MAM
Noel Tata steps down from Trent, leaving a Rs 20,000 crore retailer behind
The Tata group’s quietest dealmaker turns a post-Lakmé experiment into one of India’s biggest retail success stories, then walks away at the top
MUMBAI: Noel Tata has just told Trent’s shareholders something the company’s share price has been hinting at for years: he is done. At the retailer’s annual general meeting this week, Tata said this would be his last AGM as chairman, a low-key sign-off for a tenure that turned a modest apparel bet into one of the Tata group’s most prized consumer businesses. The announcement comes weeks after reports surfaced of Tata’s planned retirement from Tata group boards as he turns 70 in November.

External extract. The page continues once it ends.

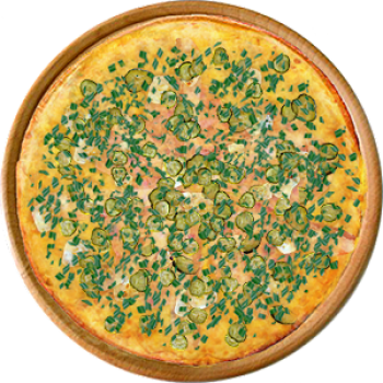 Основа: Итальянская (тонкое тесто ⌀35см) (400 г) Соус: Соус сырный (100 г) Топпинги: Балык (50 г), Грудинка (50 г), Сыр (50 г), Сыр Филадельфия (50 г), Сырное ассорти (50 г), Огурчики (50 г) Доп. топпинги: Лук зелёный (20 г)

The numbers alone justify the fuss. Revenue at Trent has grown roughly ninefold since Tata took the chair, from Rs 2,333 crore in FY14 to Rs 20,193 crore in FY26, while profit swung from a Rs 19 crore loss to Rs 1,477 crore over the same stretch. Shareholders, for their trouble, have pocketed gains of roughly 3,500 per cent. By FY26 Trent was running 1,286 stores across 321 cities, a retail footprint of 17.7 million square feet, a long way from where it started.
Where it started was the Tata group’s exit from cosmetics. After selling Lakmé, the group pivoted into organised apparel retail and handed Tata the job of building it from scratch when he joined in 1999. What followed was years of deliberate restraint rather than expansion: after opening the first Westside store in south Mumbai, Trent spent years refining its retail model, leaning on private labels and an in-house merchandise mix rather than racing to open outlets or lean on third-party brands.

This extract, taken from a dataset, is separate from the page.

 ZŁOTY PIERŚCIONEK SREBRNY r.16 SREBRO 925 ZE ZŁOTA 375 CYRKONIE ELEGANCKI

That patience paid off twice over. Zudio, launched in 2016 as a private-label menswear chain aimed at the value segment, walked into a corner of the market where organised retail barely existed but demand was enormous. It expanded into womenswear, kidswear and accessories, overtook Westside in store count, and eventually overtook it in revenue too, becoming the fastest-growing format in Trent’s history and the clearest proof yet of Tata’s instinct for spotting underserved demand rather than copying imported retail formulas.

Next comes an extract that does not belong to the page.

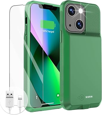 GIN FOXI Battery Case for iPhone 13/13 Pro/14/14 Pro, Ultra-Slim Charging Case Real 7000mAh Rechargeable Anti-Fall Protection Extended Charger Cover for iPhone 13/13Pro/14/14 Pro 6.1" Green
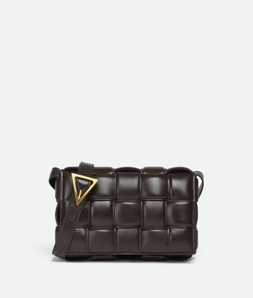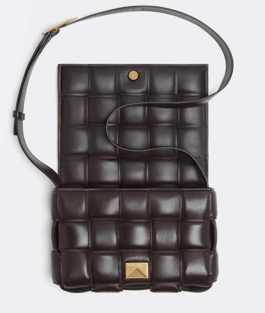 Bottega Veneta Padded Cassette (często wyszukiwana też jako “padded case”) to jedna z najbardziej rozpoznawalnych torebek marki — dzięki miękkiej, pikowanej konstrukcji i charakterystycznemu, geometrycznemu splotowi inspirowanemu intrecciato. Kolor Fondant/Fondue (ciemny brąz) jest bardzo uniwersalny: wygląda luksusowo jak czerń, ale jest cieplejszy i łatwiejszy do stylizacji z beżami, kremami i denimem.

Tata also refused to let Trent hang its fortunes on a single brand. “I have long believed that Trent is not intended to be defined by a single brand, but rather by a portfolio of brands,” he has said, a philosophy that gave the group a multi-format spread: Westside for the aspirational shopper, Zudio for the value-conscious one, Star Bazaar for groceries and everyday spending. Trent also experimented widely beyond its own labels, partnering with Zara, Massimo Dutti and Tesco, acquiring Landmark and launching formats such as Fashion Yatra, with the discipline to shut down whatever failed to earn its keep.
None of this looks like a finished project, even with Tata stepping back. He has previously talked of growing Trent tenfold in revenue terms, noted that run rates have already grown more than 2.5 times since he first floated that ambition in 2023, and has voiced confidence the goal will arrive in the “not-so-distant future.” His sights are now set beyond India altogether, on Indian brands building genuine overseas revenues, brands he insists should “aspire boldly, execute with perseverance and celebrate the pride of brands built ground up from India.”
Tata leaves behind a company that looks nothing like the one he inherited, and a Tata group retail bet that quietly became one of its loudest wins. The boardroom seat may soon be empty. The blueprint, by every account, is going nowhere.